## Aim of the task
Since the records include pictures, leave those out while you reproduce exactly and only the lines from the one containing "Ciondolo maschietto Le" through the one containing "Women's Elegant One", inclusive.

## Exercise data
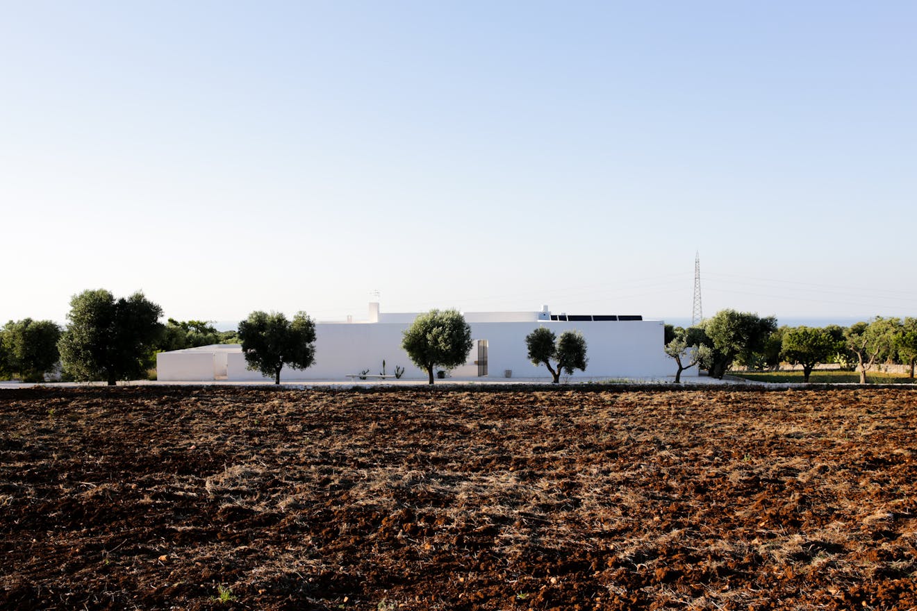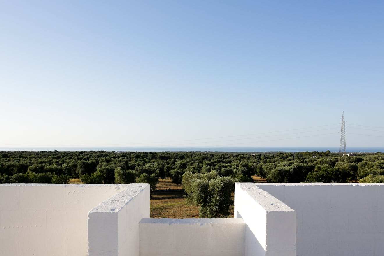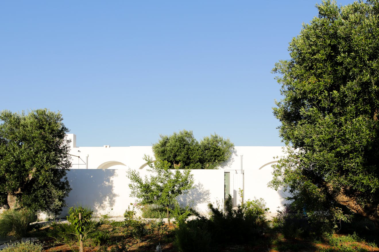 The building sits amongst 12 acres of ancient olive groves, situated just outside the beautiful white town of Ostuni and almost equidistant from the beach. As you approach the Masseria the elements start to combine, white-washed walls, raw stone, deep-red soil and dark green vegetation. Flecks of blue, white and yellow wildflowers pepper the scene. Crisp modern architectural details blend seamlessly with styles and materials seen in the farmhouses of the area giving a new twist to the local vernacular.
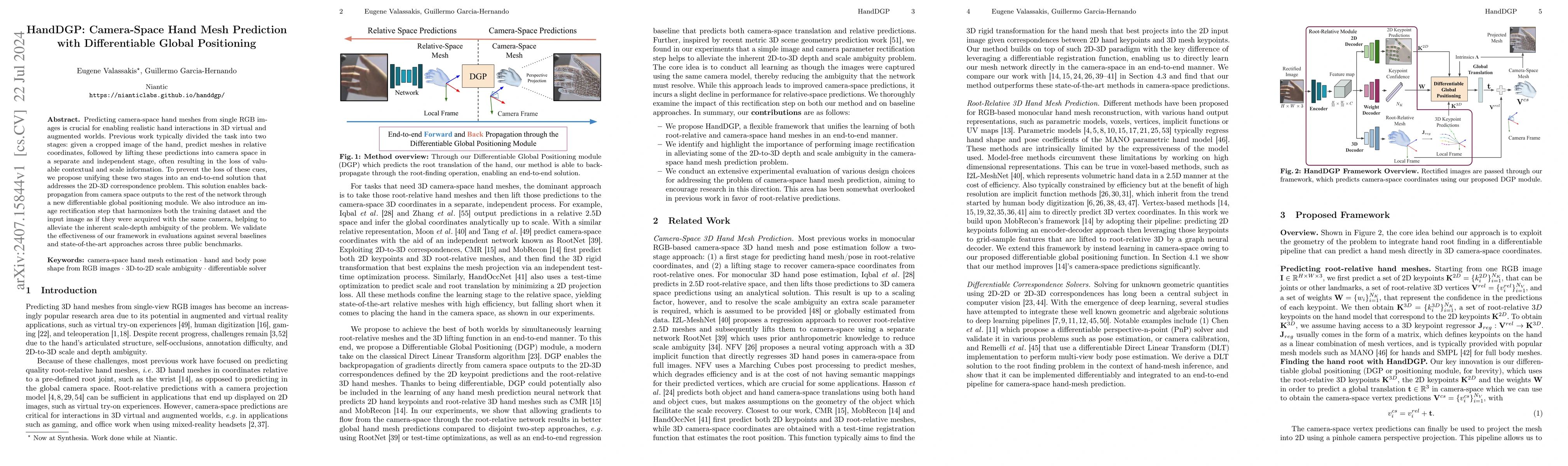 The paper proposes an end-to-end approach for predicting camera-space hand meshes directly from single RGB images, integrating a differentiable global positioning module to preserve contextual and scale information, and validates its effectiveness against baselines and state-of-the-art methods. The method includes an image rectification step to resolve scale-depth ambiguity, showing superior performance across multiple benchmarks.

* * *

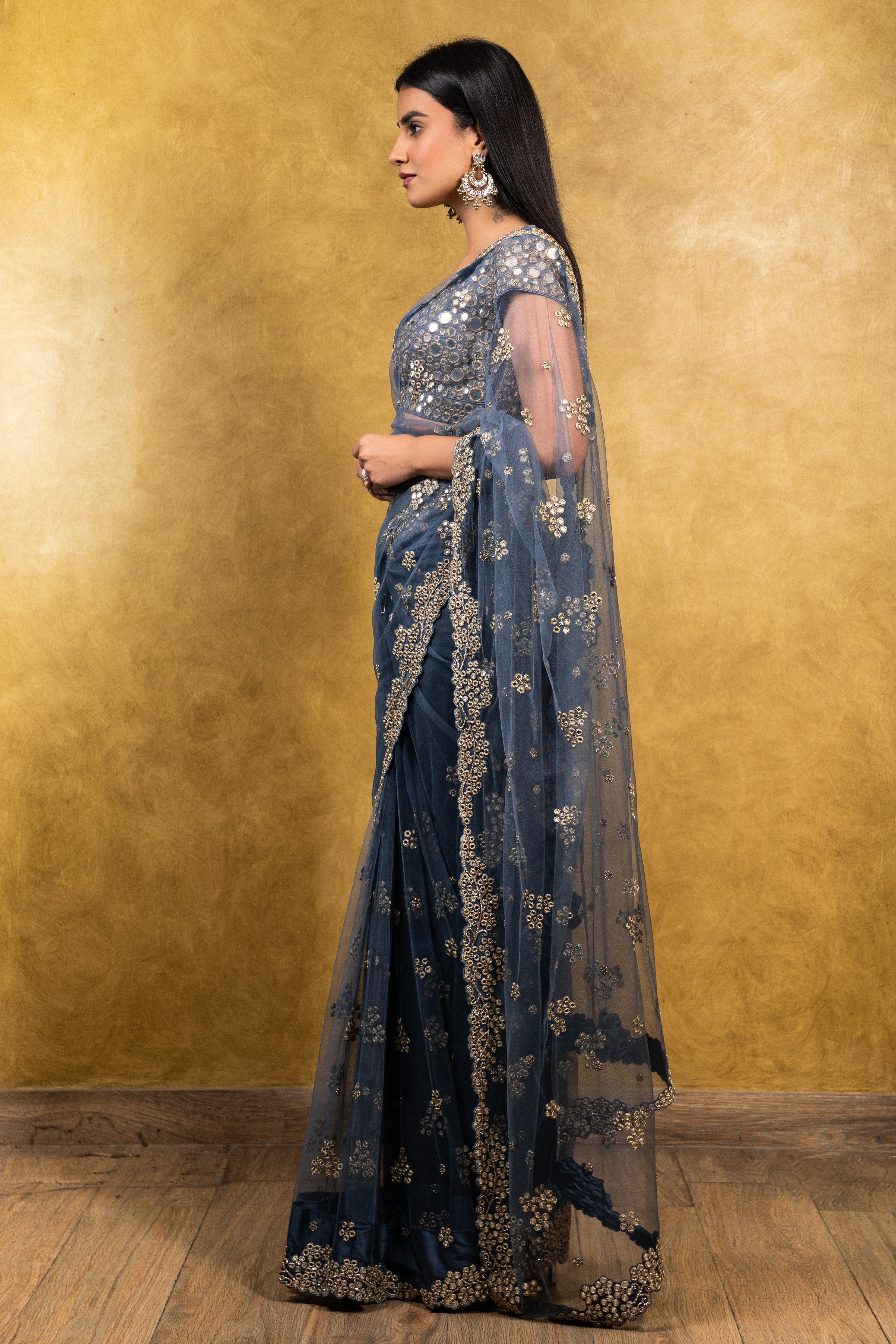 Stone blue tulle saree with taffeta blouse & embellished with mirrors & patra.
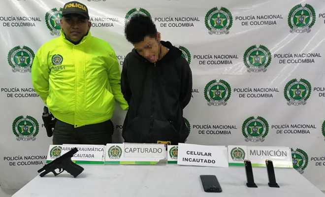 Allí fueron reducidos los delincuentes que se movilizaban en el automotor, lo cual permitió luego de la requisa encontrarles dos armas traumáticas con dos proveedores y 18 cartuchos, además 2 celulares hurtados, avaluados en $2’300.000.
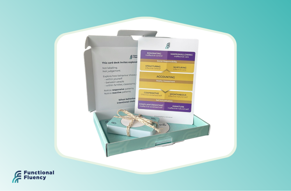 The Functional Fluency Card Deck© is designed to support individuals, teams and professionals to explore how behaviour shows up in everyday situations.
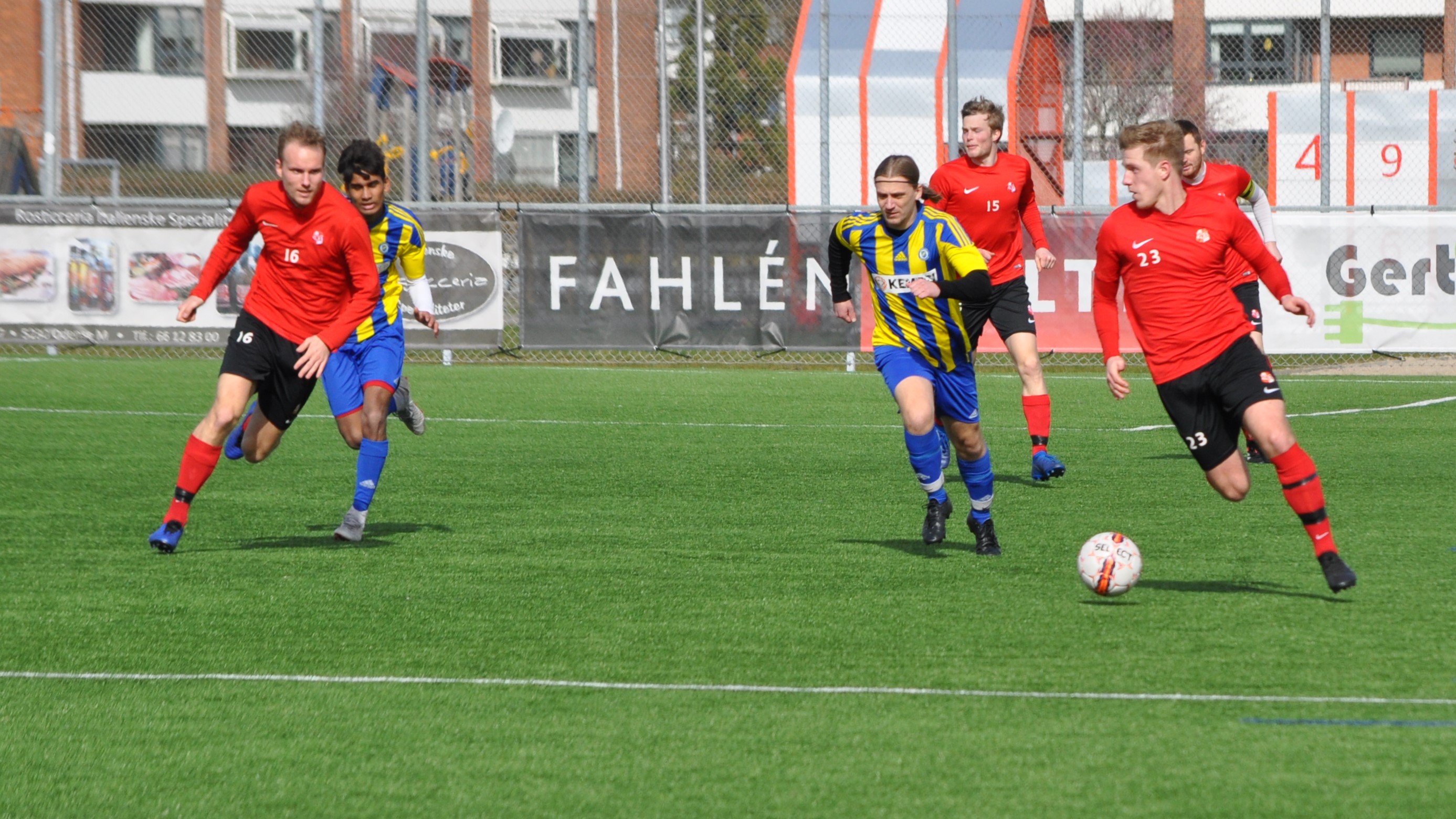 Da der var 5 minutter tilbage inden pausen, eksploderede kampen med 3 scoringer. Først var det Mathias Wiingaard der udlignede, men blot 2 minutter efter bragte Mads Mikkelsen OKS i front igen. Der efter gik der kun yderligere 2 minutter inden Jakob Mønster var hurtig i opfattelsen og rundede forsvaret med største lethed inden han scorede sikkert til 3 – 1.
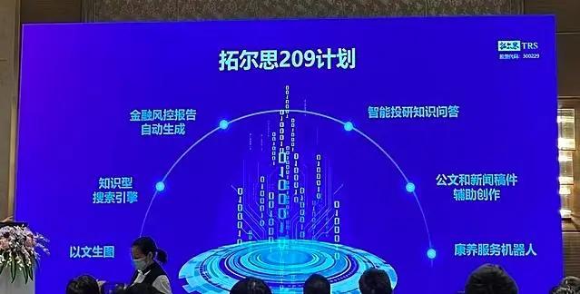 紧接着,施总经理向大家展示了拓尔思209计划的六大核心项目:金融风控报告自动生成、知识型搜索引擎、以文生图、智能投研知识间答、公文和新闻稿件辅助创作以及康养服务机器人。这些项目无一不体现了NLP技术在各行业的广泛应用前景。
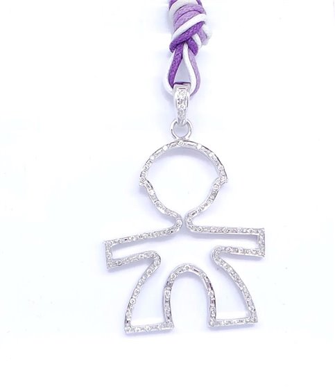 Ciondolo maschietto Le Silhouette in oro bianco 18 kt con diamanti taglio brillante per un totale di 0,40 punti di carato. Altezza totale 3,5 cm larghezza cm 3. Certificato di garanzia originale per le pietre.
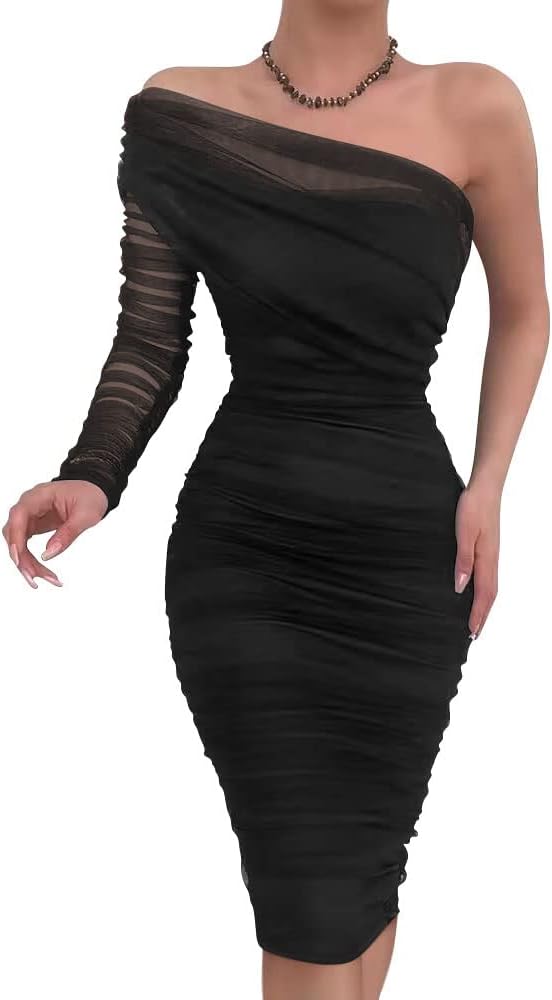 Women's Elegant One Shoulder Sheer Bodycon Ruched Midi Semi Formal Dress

* * *

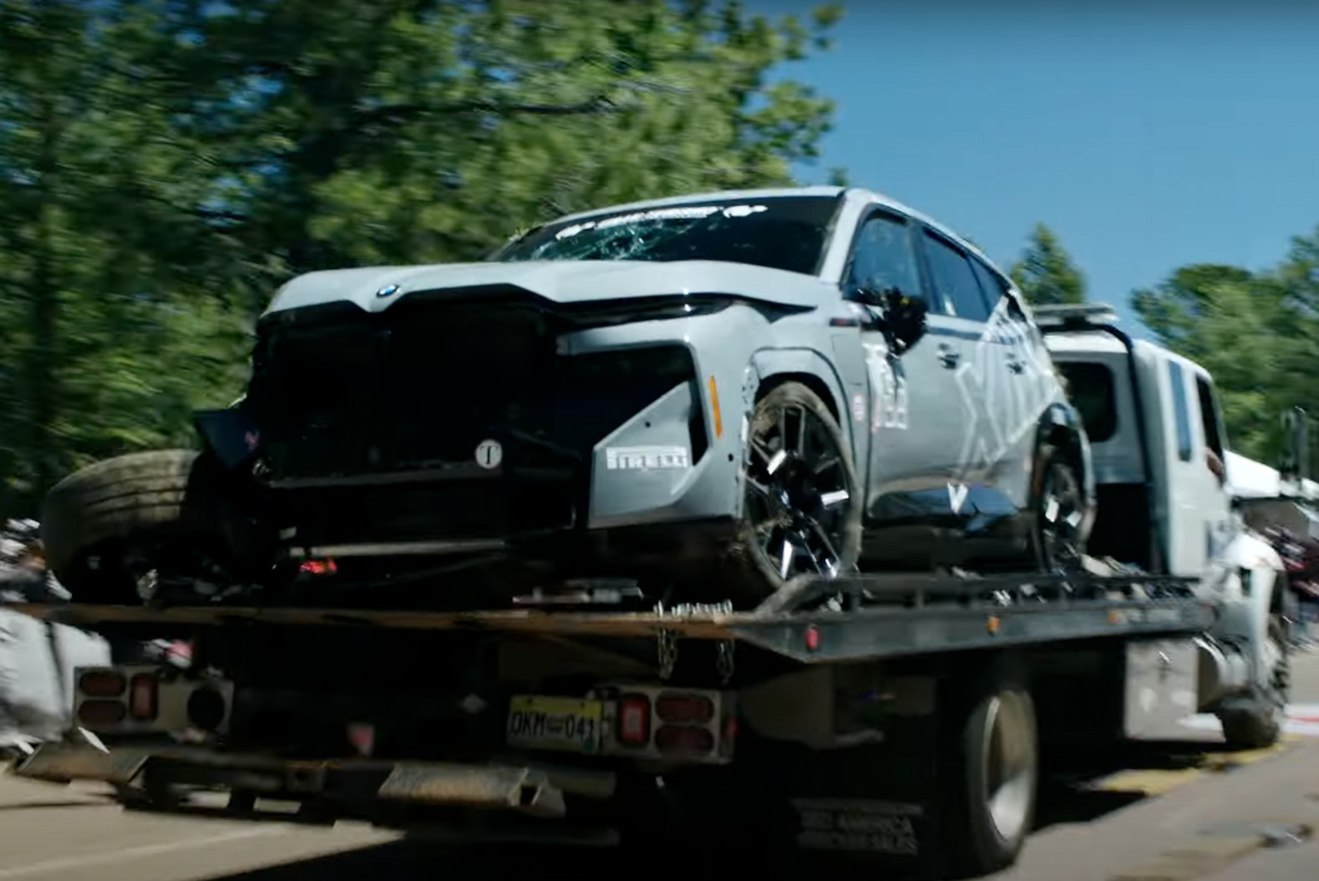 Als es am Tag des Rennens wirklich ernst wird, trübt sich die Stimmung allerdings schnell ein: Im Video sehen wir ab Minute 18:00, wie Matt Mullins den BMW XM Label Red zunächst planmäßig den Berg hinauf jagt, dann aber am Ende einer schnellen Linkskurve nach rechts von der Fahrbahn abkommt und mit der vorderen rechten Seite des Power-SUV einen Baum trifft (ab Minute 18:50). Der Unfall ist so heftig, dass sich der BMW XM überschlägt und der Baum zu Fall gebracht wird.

## Solution below
 Ciondolo maschietto Le Silhouette in oro bianco 18 kt con diamanti taglio brillante per un totale di 0,40 punti di carato. Altezza totale 3,5 cm larghezza cm 3. Certificato di garanzia originale per le pietre.
 Women's Elegant One Shoulder Sheer Bodycon Ruched Midi Semi Formal Dress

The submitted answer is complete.